Data scientists and big data specialists are two well-paid professions in the data science industry.
As a result, hiring big data analysts can be very costly for businesses, particularly for start-ups.
Some businesses must wait a long time to hire the necessary personnel to carry out their big data
analytics tasks.
2. Security hazard
For big data analytics, businesses frequently collect sensitive data. These data need to be
protected, and security risks can be detrimental if they are not properly maintained.

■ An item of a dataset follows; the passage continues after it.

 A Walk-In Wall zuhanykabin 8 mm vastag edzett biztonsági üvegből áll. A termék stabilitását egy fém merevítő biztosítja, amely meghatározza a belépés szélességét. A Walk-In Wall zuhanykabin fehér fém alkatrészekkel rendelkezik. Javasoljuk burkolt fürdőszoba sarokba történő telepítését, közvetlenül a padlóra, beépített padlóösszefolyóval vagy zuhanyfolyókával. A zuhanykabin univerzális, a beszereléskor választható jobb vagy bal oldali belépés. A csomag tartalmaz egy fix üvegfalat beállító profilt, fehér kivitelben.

Additionally, having access to enormous data sets can attract the unwanted attention of hackers,
and your company could become the target of a potential cyber-attack. You are aware that for
many businesses today, data breaches are the biggest threat. Unless you take all necessary
precautions, important information could be leaked to rivals, which is another risk associated
with big data.
3. Adherence
Another disadvantage of big data is the requirement for legal compliance with governmental
regulations. To store, handle, maintain, and process big data that contains sensitive or private
information, a company must make sure that they adhere to all applicable laws and industry
standards. As a result, managing data governance tasks, transmission, and storage will become
more challenging as big data volumes grow.
4. High Cost
Given that it is a science that is constantly evolving and has as its goal the processing of ever-
increasing amounts of data, only large companies can sustain the investment in the development
of their Big Data techniques.
5. Data quality
Dealing with data quality issues was the main drawback of working with big data. Data scientists
and analysts must ensure the data they are using is accurate, pertinent, and in the right format for
analysis before they can use big data for analytics efforts.
This significantly slows down the reporting process, but if businesses don't address data quality
problems, they may discover that the insights their analytics produce are useless or even harmful
if used.
6. Rapid Change
The fact that technology is evolving quickly is another potential disadvantage of big data
analytics. Businesses must deal with the possibility of spending money on one technology only
to see something better emerge a few months later. This big data drawback was ranked fourth
among all the potential difficulties by Syncsort respondents.
Rapid Data Growth: The growth velocity at such a high rate creates a problem to look
for insights using it. There no 100% efficient way to filter out relevant data.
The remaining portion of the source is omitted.